Tb.N, Tb.Th and Tb.Sp could be dependent on the single-cell movement, apposition and resorption rates by osteoblasts and osteoclasts as well as by the mineralizing and eroded surface. The single-cell movement was modeled with migration towards regions of higher or lower strains for the osteoblasts and osteoclasts, respectively. Such migration can lead to bone formation and bone resorption patterns that can alter the morphology of the microarchitecture and the extent of the remodeled surface to adapt to the local perceived strains. Further, the mineral apposition and resorption rates had to be higher to reduce the difference between in silico and in vivo bone formation and resorption rates. Eventually, trabecular parameters would be affected by these changes resulting from more accentuated local remodeling. If MAR, MRR, MS and ES were closer to the in vivo values, the static trabecular parameters could have better followed the corresponding in vivo values. However, this aspect should be further inspected because, for example, the in silico model of Levchuk and others captured Tb.N, Tb.Th and Tb.Sp despite a significant discrepancy in dynamic parameters (Levchuk et al., 2014), while the model of Schulte and others for ovariectomy and loading captured some dynamic parameters and BV/TV but not Tb.N, Tb.Th and Tb.Sp (Schulte et al., 2013b). In the model presented, the regulation of the dynamic parameters was not trivial because the mineralizing and eroded surfaces were not easy to capture due to the complex interplay between the mechanical environment, the mechanomics and the subsequent cascade in the signaling process to regulate osteoblasts and osteoclasts activity. The remodeled regions were rather large in silico compared to in vivo which were more scattered throughout the trabecular volume. Thus, the trabecular remodeling by the single cells was less localized in silico.

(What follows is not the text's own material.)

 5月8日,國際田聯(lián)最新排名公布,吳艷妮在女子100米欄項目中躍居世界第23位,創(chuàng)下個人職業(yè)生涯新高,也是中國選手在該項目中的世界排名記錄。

Our proposed cluster analysis of the osteocytes was different compared to previous experimental approaches, where the osteocytes were obtained only at the end of the study (Trüssel, 2015; Paul, 2020; Scheuren, 2020). In those approaches, the backward correlation of bone remodeling events with the final osteocyte population can show only the final distribution of the osteocytes. Conversely, the clustering analysis applied here allowed the selection of a section of interest and the study of the osteocyte population available at the beginning of the study. The clustering analysis identified one cluster (Cluster 1) where the cells showed a higher probability of high mechanical signal and bone formation events. Cluster two was characterized by higher levels of RANKL and Scl, a higher probability of low mechanical signal and higher probability of bone resorption within the cluster. Taken together, these findings confirmed the regulation of the pathways from tissue to cell scales, in alignment with the current observations that high mechanical signal is associated with lower expression of RANKL and Scl (Robling et al., 2008; Galea et al., 2020), higher expression of OPG (You et al., 2008) and higher bone formation (Schulte et al., 2013a).

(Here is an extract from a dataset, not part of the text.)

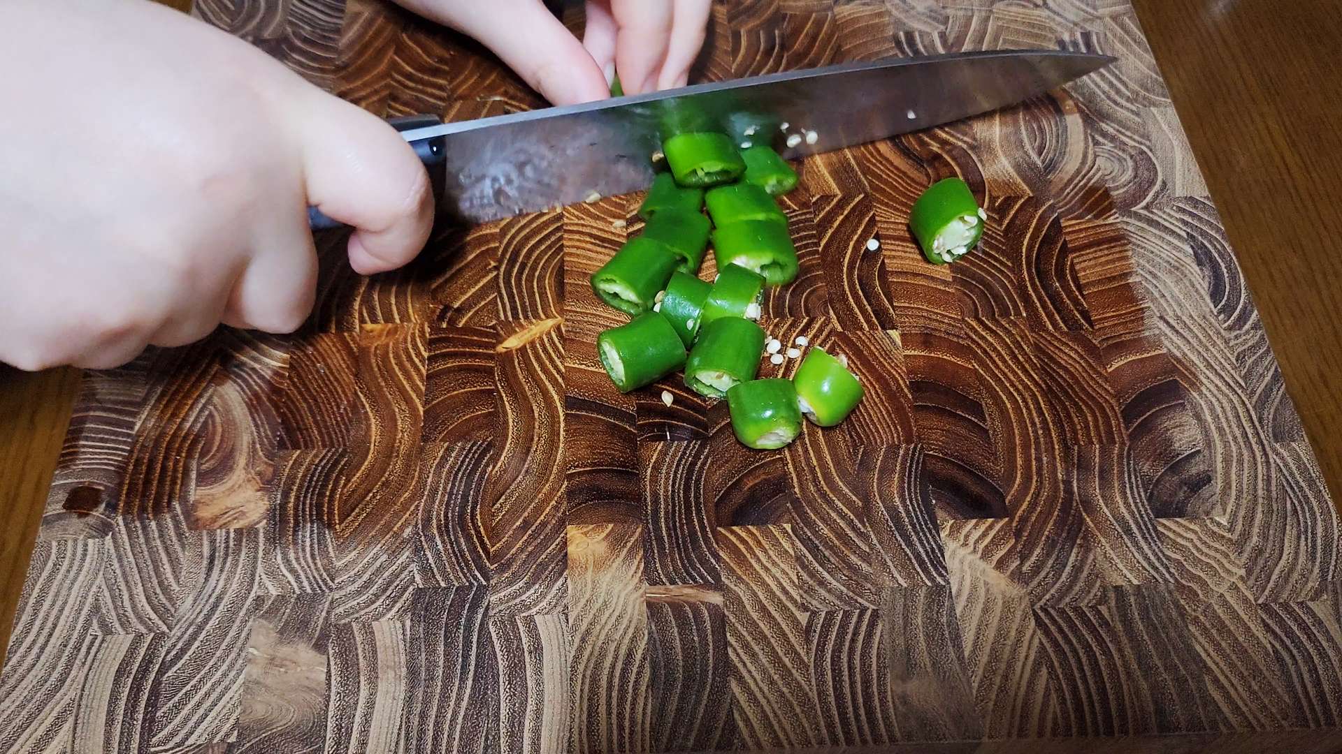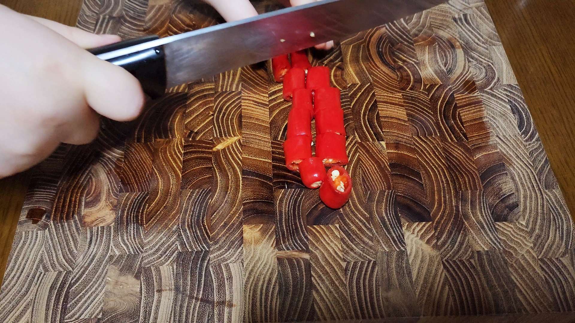 청고추, 홍고추는 한입 크기로 썰어줍니다.

We demonstrated OPG inhibits excessive osteoclastic bone resorption as it was observed previously (Kramer et al., 2010; Cawley et al., 2020). Cawley et al. (2020) showed OPG to be secreted by osteoblasts whereas Kramer et al. (2010) found osteocytes to be the cells mainly producing OPG. Our analysis highlighted osteocytes are the cells responsible for the production of RANKL and the subsequent recruitment of osteoclasts and increase of bone resorption, as it was shown in previous studies (Nakashima et al., 2011; Xiong et al., 2015). In our study, osteocytes were also identified as sources of sclerostin inhibiting the osteoblastic activity and therefore reducing bone formation. This finding was experimentally obtained also by Van Bezooijen et al. (2004), where sclerostin protein was found to be expressed by osteocytes and not by osteoclasts in cortical and trabecular bone. Further, they also observed the inhibitory effect of sclerostin on osteoblasts, confirming its importance for regulating bone formation (Winkler et al., 2003; Li et al., 2008; Colucci et al., 2011).

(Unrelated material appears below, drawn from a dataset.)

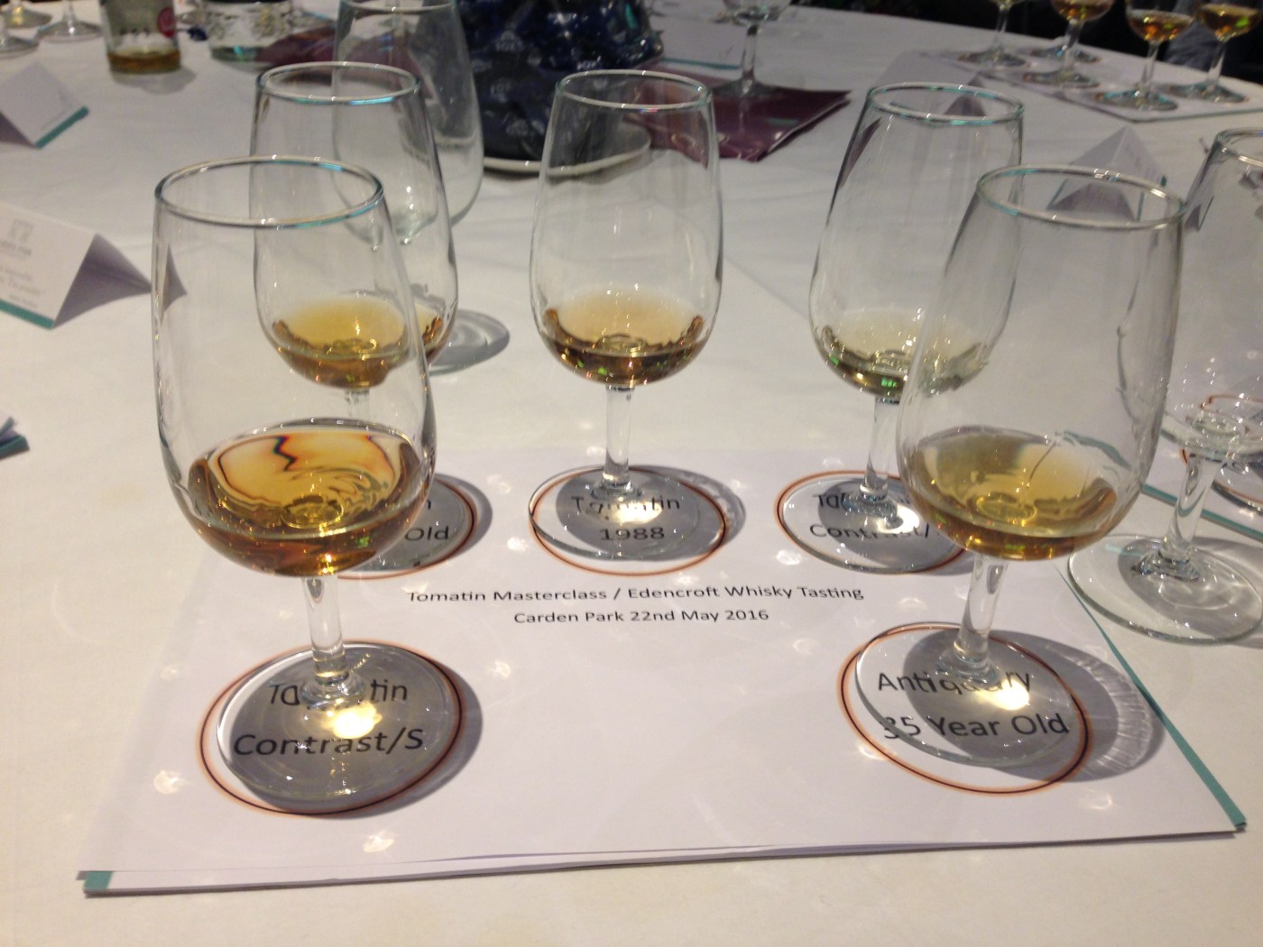 Up for grabs in the tasting were five offerings from Tomatin’s distillery, including a 36 year old that had been bottled only a couple of days before. Definitely headlining stuff!

We observed that affecting the catabolic response would also imply a change in the anabolic activity. This aspect was evident from the variations of RANKL and OPG which had a direct impact on the osteoclasts’ activity and subsequently affecting the osteoblasts’ activity. Besides, the anti-anabolic response would also imply a subsequent change in the catabolic activity, as it was seen from the variations of Scl which inhibited osteoblasts and a consequent slower resorption activity. The variations in the RANKL, OPG and Scl did not lead to proportional changes in MS because of the dynamic equilibrium the cells can reach, meaning that the levels of cytokines can result in a non-linear response in the amount of mineralized surface. These findings agree with the coupling between bone formation and bone resorption events as observed in vivo. Our in silico model represented bone formation mostly occurring over time in the same region where the strains were high, until the osteoblasts de-differentiated into lining cells or became embedded into the osteoid and differentiate into preosteocytes. On the other hand, bone resorption started from regions where strains were low, which also had higher RANKL, leading to more prominent recruiting of osteoclasts. TGF-β1 is thought to be responsible for coupling bone resorption and bone formation (Raggatt and Partridge, 2010; Kasagi and Chen, 2013; Weivoda et al., 2016; Durdan et al., 2022) and osteoclasts resorb bone in regions of low strains. MSCs proliferated closer to osteoclasts due to the presence of TGF-β1 being released upon resorption in these regions of low strains. In addition, in such regions, sclerostin was also produced by osteocytes to inhibit bone formation by the osteoblasts. Therefore, the osteoblastic differentiation of such cells was inhibited and MSCs would directly differentiate into lining cells instead of osteoblasts in these regions of low strains.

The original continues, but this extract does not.